Se trata, a su vez, de una pugna constante e inconsistente entre la atención y la inatención, con la distracción interna o externa como ruido de fondo actuando como fuente de error permanente. A su vez, es evidente que no podemos captar en su totalidad la cantidad desmesurada de información disponible, o la requerida para resolver con éxito cualquier cuestión cognitiva. Unas veces pasamos de una cosa a otra, otras rumiamos en bucle, en otras ocasiones sin darnos cuenta dejamos atrás aquella maraña inútil en la que estábamos atrapados unos segundos antes. O como señalaba el psicólogo William James en su libro Principios de psicología «en la medida en que le prestamos atención, cada mundo es real y solo deja de serlo cuando dejamos de prestarle atención». Aún así, y aunque seamos conscientes de que el pensamiento no puede ser un reflejo fidedigno o el depositario de una lectura completamente exacta de la realidad, le hacemos un caso absoluto, casi radical, como si en el fondo, estuviésemos creyendo que, a través de nuestro razonamiento conseguiremos obtener un resultado preciso y correcto, un camino de ida y vuelta previsible en el que todas las variables influyentes estarían controladas bajo nuestro infalible radar atencional. Normalmente no es así, y es bueno que muchas veces no sea así.

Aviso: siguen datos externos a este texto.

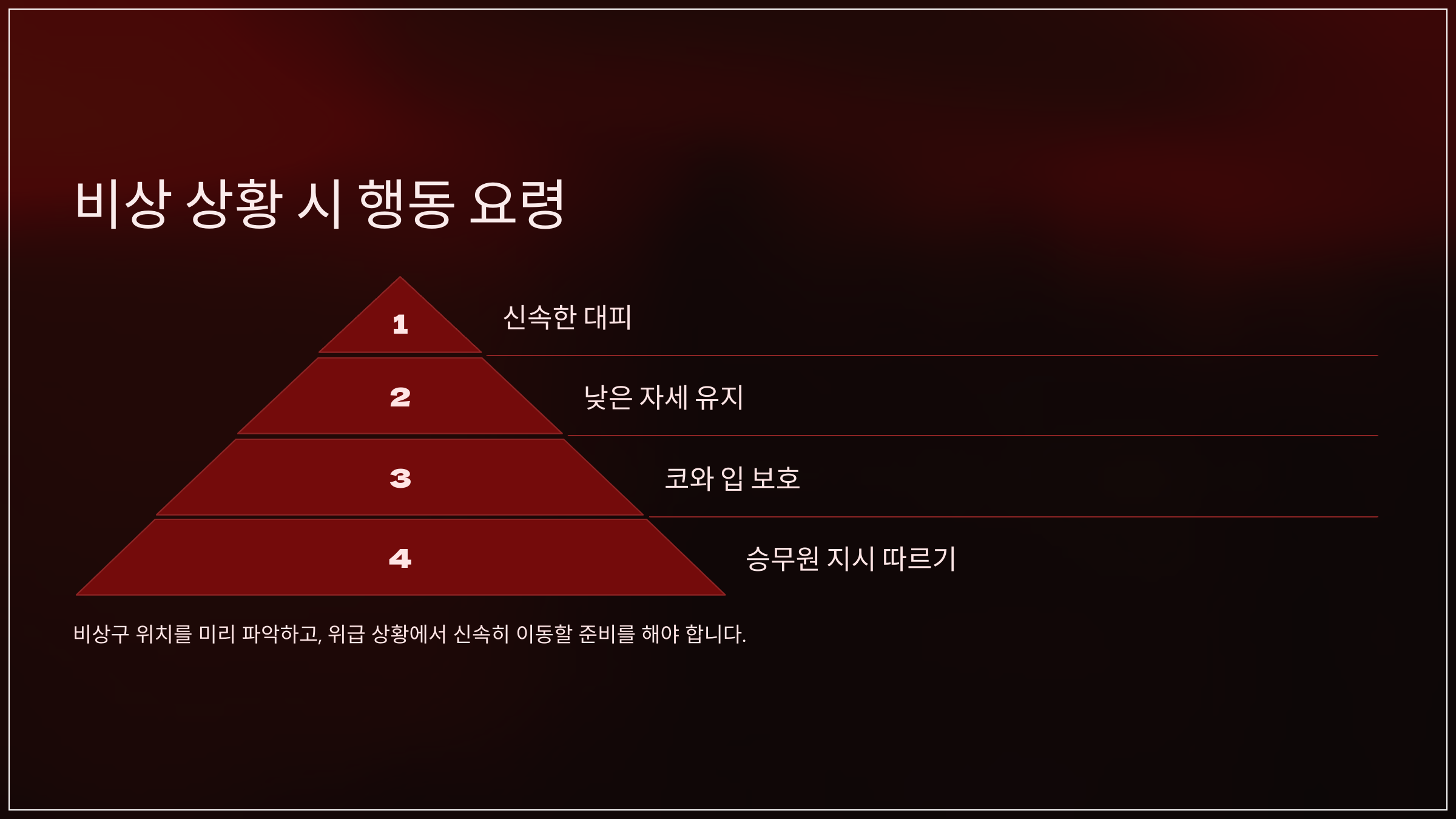 - 승무원의 지시를 따르되, 안내가 부족할 경우 주변 상황을 신속히 판단해 대피해야 한다.
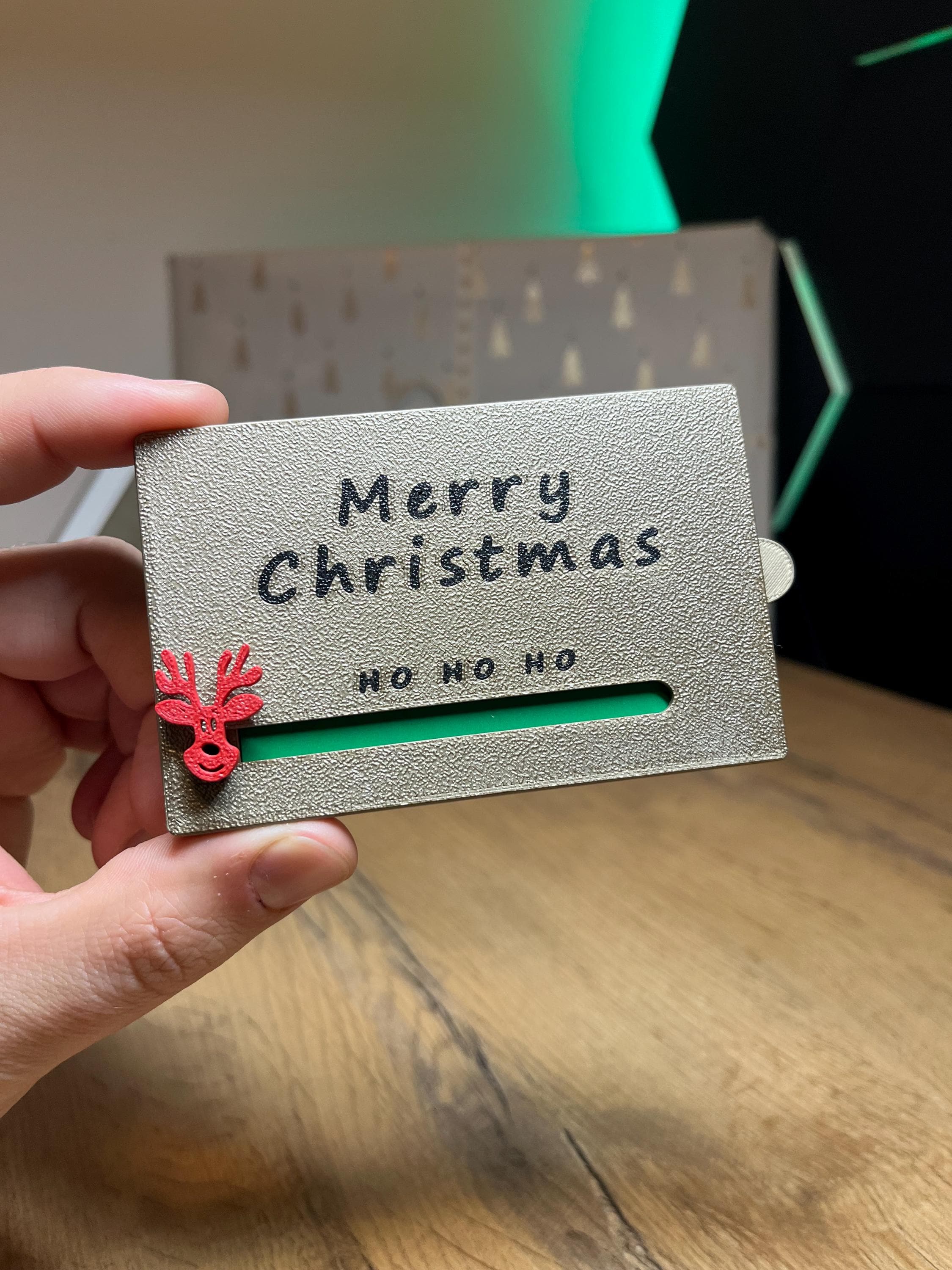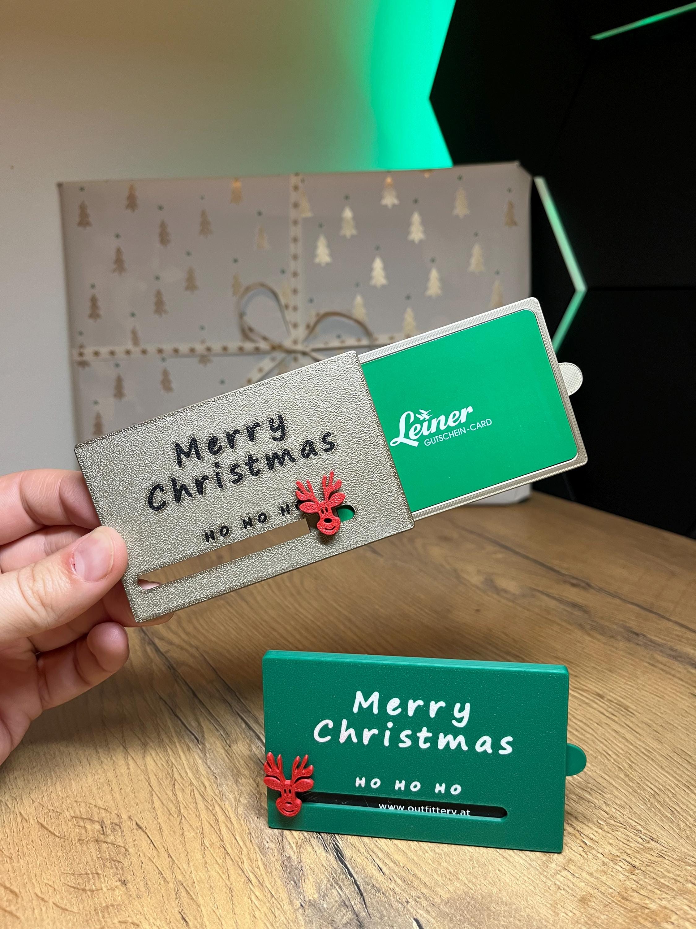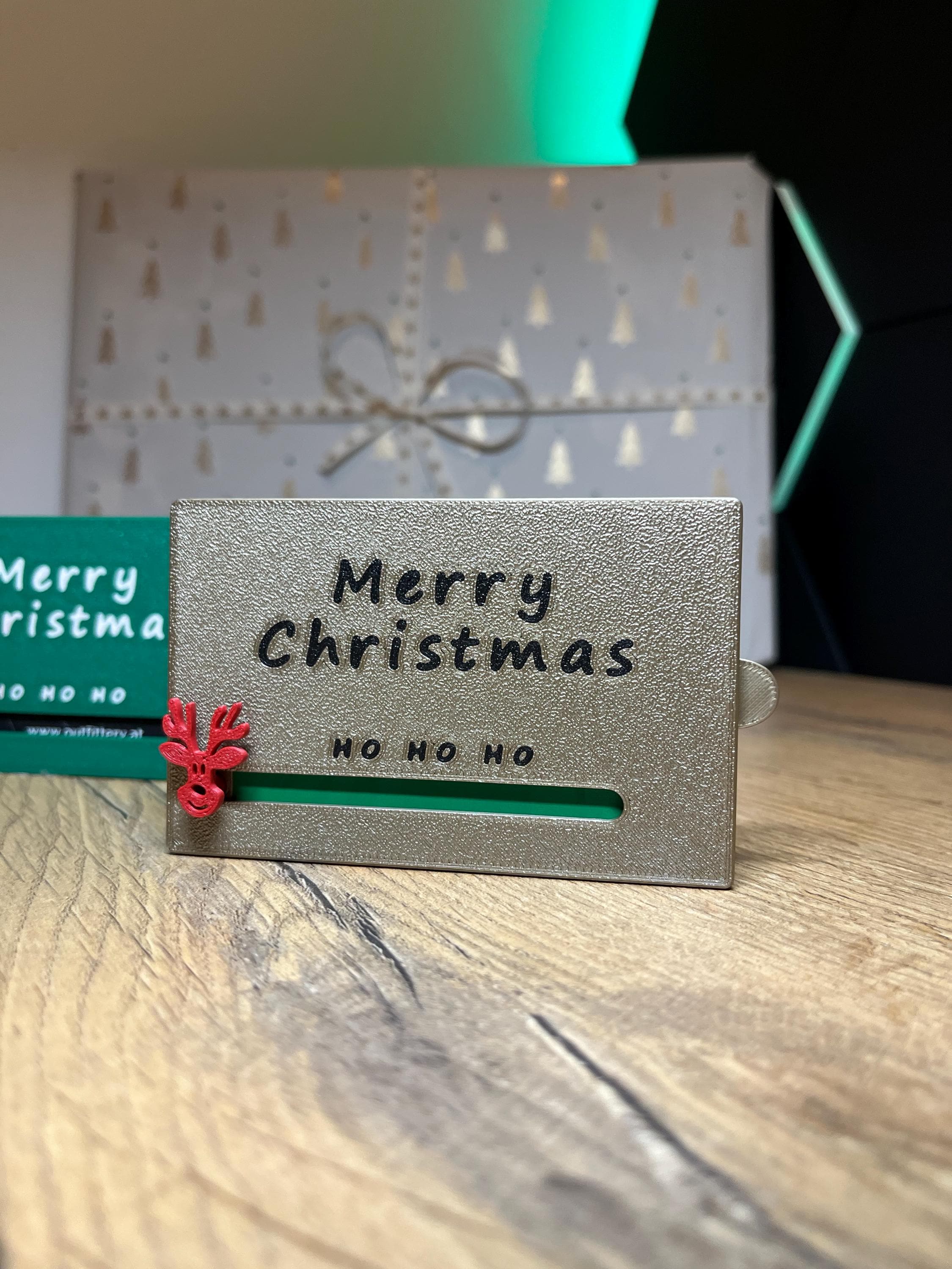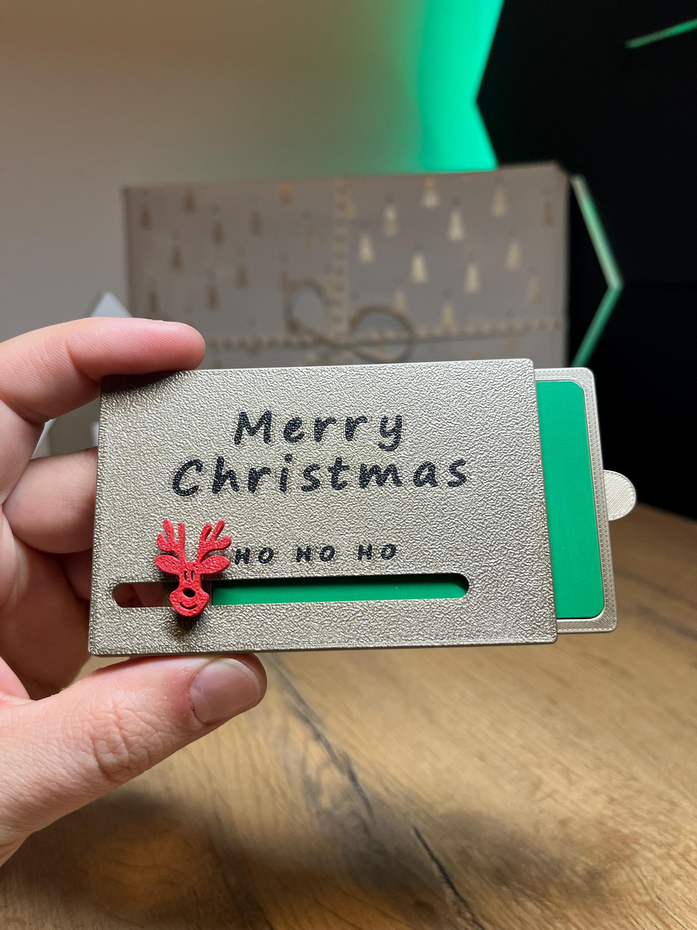 Celebrate the season with these adorable 3D-printed Christmas Gift Card Holders, featuring a festive “Merry Christmas” message and a cute little reindeer accent. Perfect for gifting money, store cards, digital gift cards, restaurant cards, or tickets — this holder turns a simple gift into something thoughtful and fun.
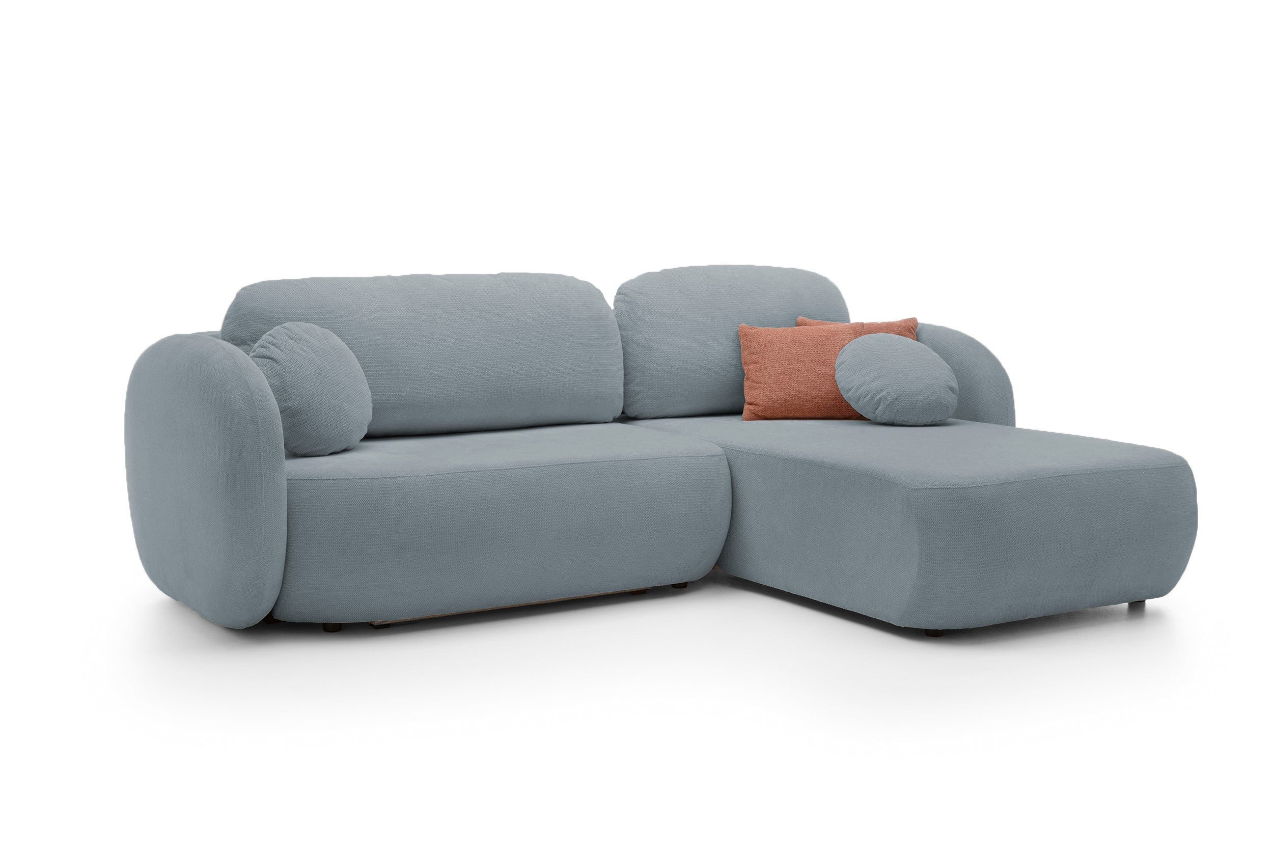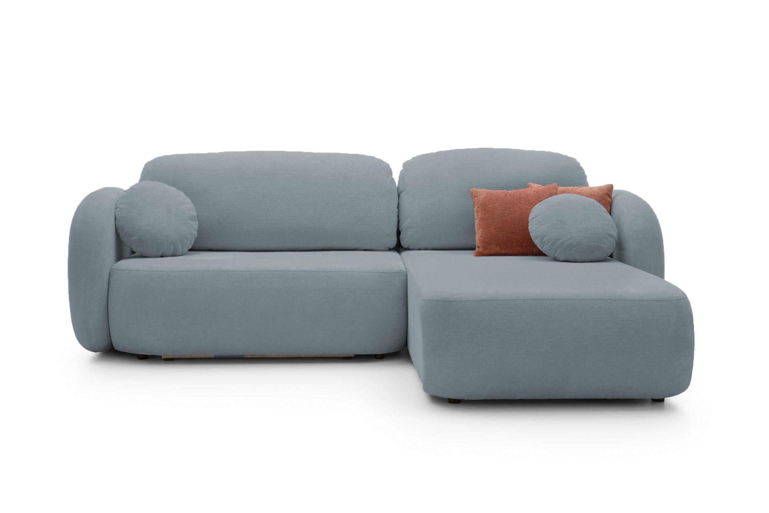 Prześliczny, mięciutki narożnik OLIO to idealny wybór na udany wypoczynek. Jego przytulne, zaokrąglone kształty sprawiają, że prezentuje się miękko i niezwykle wygodnie, a miła dla ciała tkanina umila codzienny relaks. Obła forma narożnika zwiększa bezpieczeństwo w obecności dzieci – zaokrąglone krawędzie są miękkie i subtelne, nie stwarzając zagrożenia.
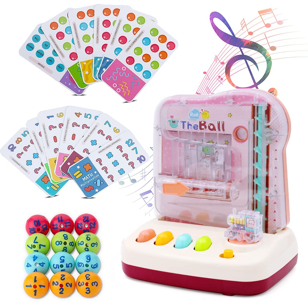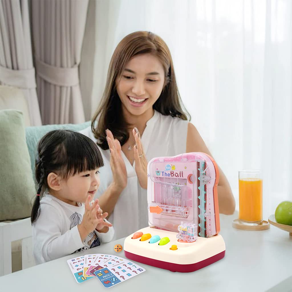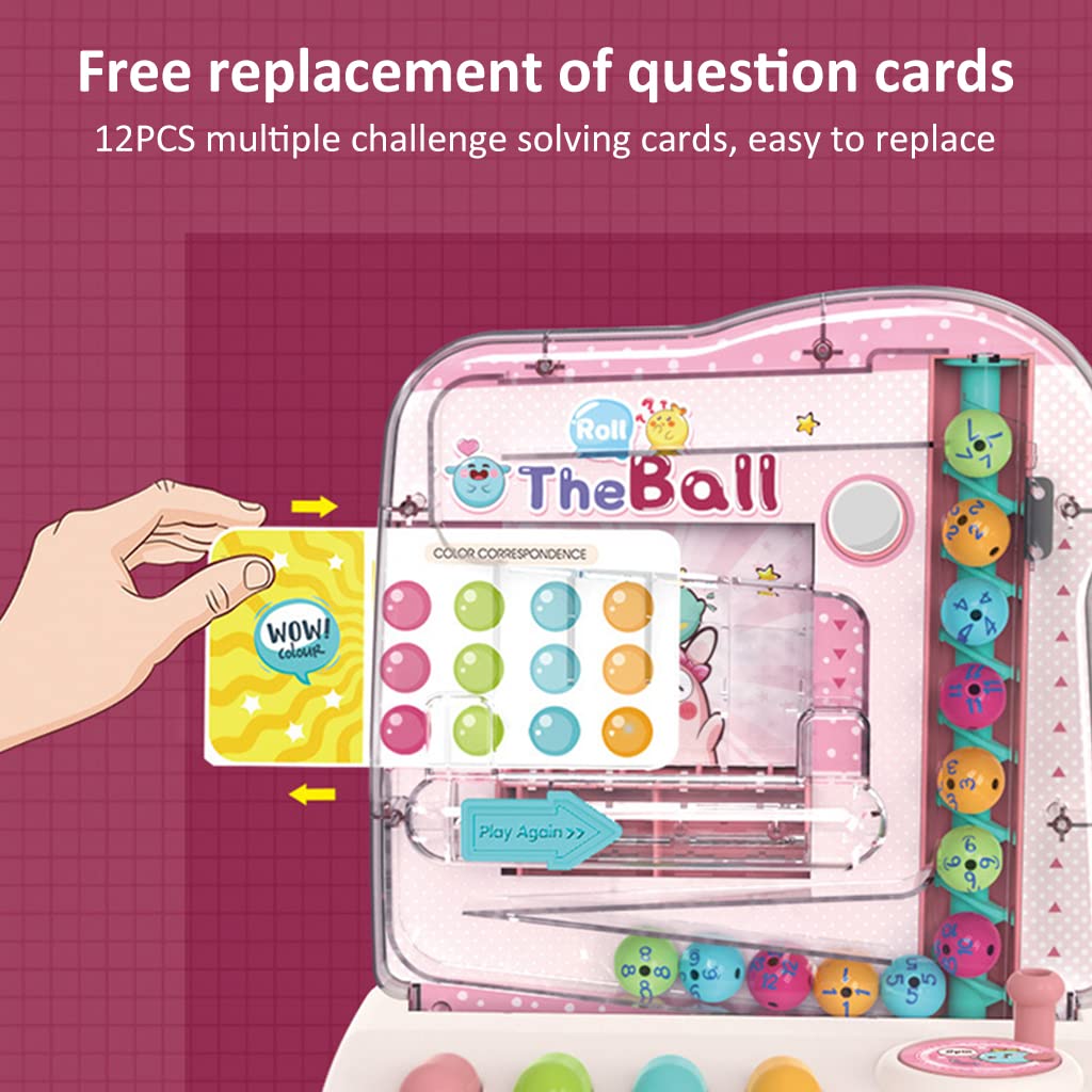 - STIMULATE KIDS BRAIN DEVELOPMENT: Upgrade and challenging new educational toy for kids combines classic mathmatic game and puzzle toy for kids, kids can control the handles and buttons on the rolling ball toy machine to make the color balls matching the game cards or complete simple addition calculation on the game cards.
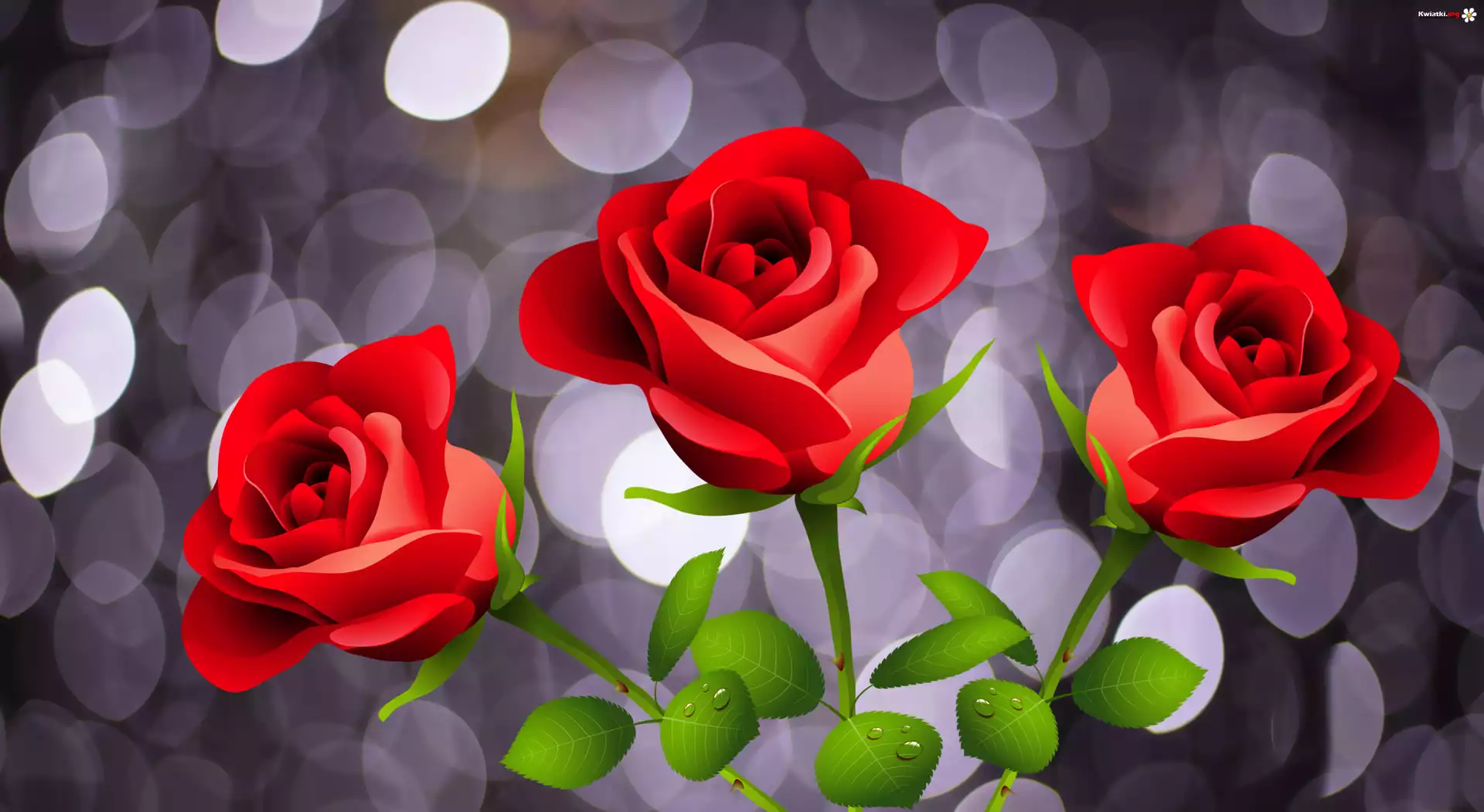 Kwiat Trzy, Czerwone, Róże, Bokeh
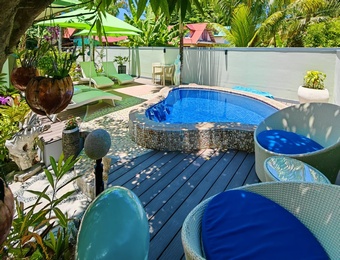 Situated at the foot of La Digue's only mountain, the Château Saint Cloud's grace and charm is complimented by the surrounding scenery in which exotic flowers, fruits and tropical plants encompass this colonial estate in rustic tranquillity.Tha former vanilla Plantation House has been renovated and now offers 4 beautiful suites with a 4 star services. A recently refurbished rooms with all...

Entonces, ¿por qué le hacemos tanto caso?

El psicólogo y Premio Nobel de Economía en el año 2002 Daniel Kahneman —desarrolló junto a Amos Tversky la teoría de las perspectivas— explora con profundidad en su libro Pensar rápido, pensar despacio como nuestras decisiones y nuestros pensamientos están fuertemente influidos por las emociones, y como eso, a su vez, nos lleva a cometer errores sistemáticos de los que apenas somos conscientes; entre algunas de esas influencias pueden estar las características del marco emocional en el que nos encontramos, el estado de ánimo, la sobrevaloración de ciertas experiencias personales, nuestras creencias, fallos con la información disponible, intuiciones deficientes, etc.

¿Dejamos, entonces, de pensar? No, por supuesto que no, pero puede servirnos de gran ayuda tratar de disminuir el alto nivel de veracidad que otorgamos al pensamiento, rebajar su exceso de literalidad; ahorrándonos así, multitud de incómodos problemas de difícil resolución, alguno de ellos, incluso, pueden ser del todo inexistentes. En cierto modo, podemos aplicar un proceso similar al adoptado por la ciencia, manteniendo una actitud dinámica de flexible escepticismo y modificando nuestras ‘teorías’ cuando la realidad va cambiando.

En alusión a lo anterior, son interesantes las aportaciones que hace la Terapia de Aceptación y Compromiso (ACT), entres sus objetivos, ocupa un lugar prioritario el énfasis en la desliteralización del pensamiento mediante la defusión cognitiva, un proceso encaminado a reducir ese poder absoluto e inalterable que solemos otorgar a lo que pensamos, siendo esto, en muchas ocasiones, uno de los motivos centrales en el mantenimiento de algunos problemas psicológicos.